There is some debate as to where the name “The Lost Sierra” comes from, but it’s become the common name — and an apt one — for the lesser-traveled towns, alpine lakes and peaks near Reno, Nevada, and within the northern reaches of eastern California’s Sierra mountains.
More than a dozen communities are tucked away across this area, which is fragmented by the mountainous terrain of the surrounding national forests and, more recently, by extreme wildfire.
Over the past few years, Trinity Stirling, who lives in Quincy and grew up in the Lost Sierra, has made it her mission to help connect these scattered communities with the hopes of giving their economies a boost by creating more recreation opportunities. And that mission starts with trails.
As the former project manager with the Sierra Buttes Trail Stewardship, Stirling worked on a long-term project to connect more than a dozen rural towns with a long-distance trail stretching about 600 miles. Stitched across federal public land, the trail network is coming together in stages, building off existing trails. So far, about 74 miles are under construction and 30 miles have been finished — with broad support for building more. “A lot’s happening,” says Greg Williams, the group’s executive director. For now, he says the biggest challenge is funding.
The goal of the Lost Sierra Route, as the long-distance trail will be known, is to improve access to public land at a time when more and more people want to get outside, while at the same time connecting isolated communities and working to diversify the regional economy, which grew around the booms and busts of natural resource industries like mining, logging and ranching.
“Obviously we’re connected by roads,” Stirling says. “We have a lot of dirt roads. But one of the early concepts for this project, once it’s built, is creating a community passport.” The passport would encourage trail users to travel from town to town, checking out different businesses and getting a sense of the varied places connected to the trail system.
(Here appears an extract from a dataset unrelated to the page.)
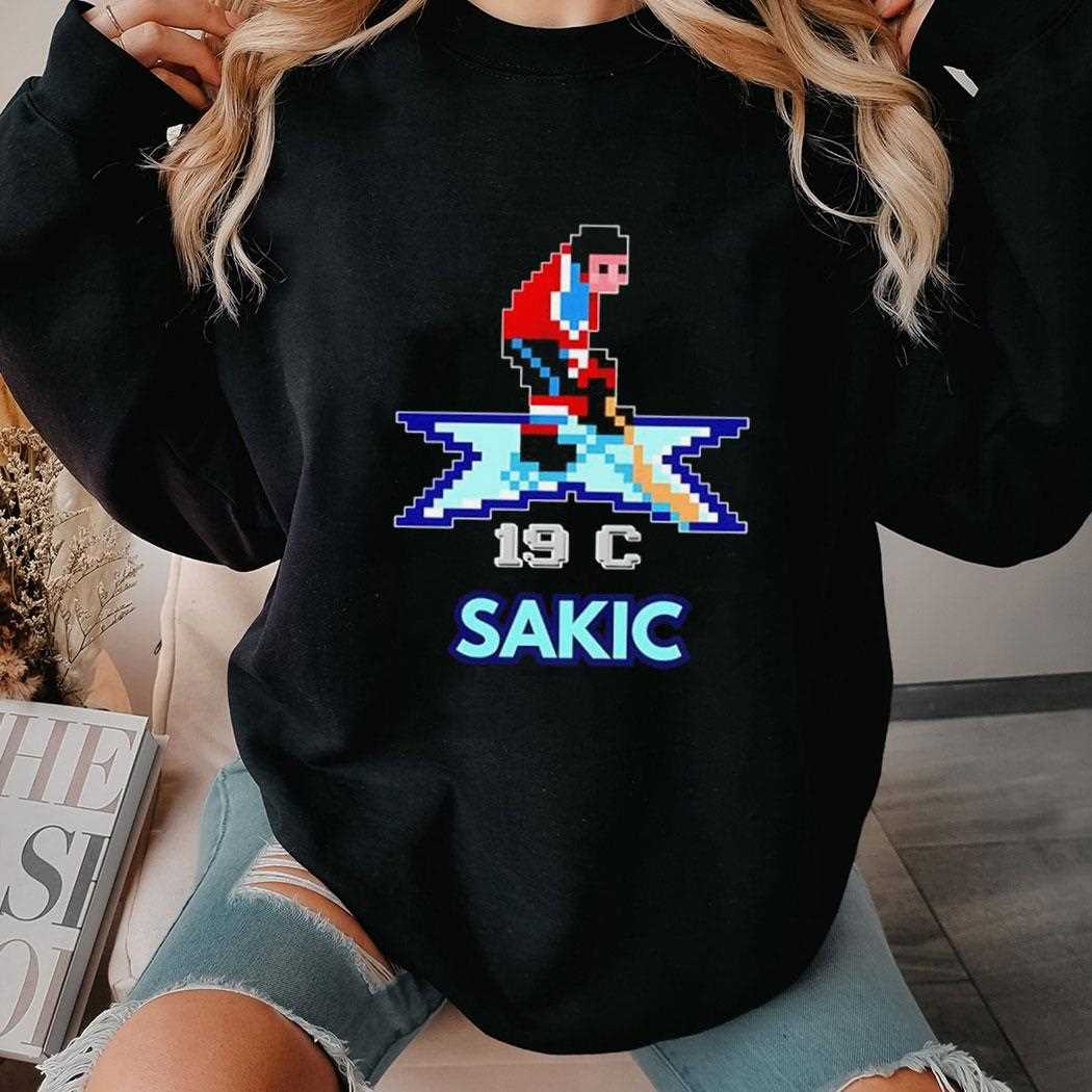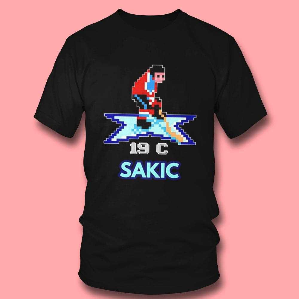 Level up your fan gear with this creative crossover that blends hockey legend Joe Sakic with the nostalgia of 8-bit video games. The design features a pixelated version of “Super Joe” in his classic number 19 Avalanche jersey, complete with a “Power Bar” and “Life Hearts” at the top of the graphic. It looks like a screenshot from a beloved 90s arcade game, capturing the era when Sakic led Colorado to multiple Stanley Cup victories. The use of vibrant burgundy, blue, and silver pixels creates a retro-cool aesthetic that is both unique and incredibly stylish. The name “SAKIC” is displayed in a classic gaming font, making it a must-have for both sports fans and retro gamers. The high-quality print captures every “pixel” with precision, ensuring the design looks sharp and intentional. This shirt is a fun, lighthearted way to honor one of the greatest captains in NHL history. Its soft, lightweight fabric makes it the perfect choice for long gaming sessions or cheering from the stands. Don’t hit the “Game Over” screen on your style—grab the Joe Sakic Of The Colorado Avalanche Video Games Tee now!. T-shirt !

Already, the region is seeing success in building out a stable recreation economy. It’s a popular spot for mountain bikers, who are drawn to existing trails and races like the annual Downieville Classic, which Williams created in 1995. Williams, who started the stewardship group in 2003, says as he worked on more trail projects, there was increasing interest in a regional system.
“We’d go to Board of Supervisor meetings or Chamber of Commerce meetings and neighboring towns would say, ‘Hey, what about us? We’re struggling. We’re surrounded by national forests. We live in a beautiful place that we feel like people want to come [visit],’” Williams recalls.
Williams points to Quincy, a town of about 1,600 people surrounded by national forest land, as a strong indicator for the potential in creating more recreation opportunities. “Quincy just had a brewery-restaurant open. So now there are two brewery-restaurants in town that didn’t exist before trails were there,” he says. “The local motels are buying new mattresses and painting the sidings…. So we’re seeing it happen.”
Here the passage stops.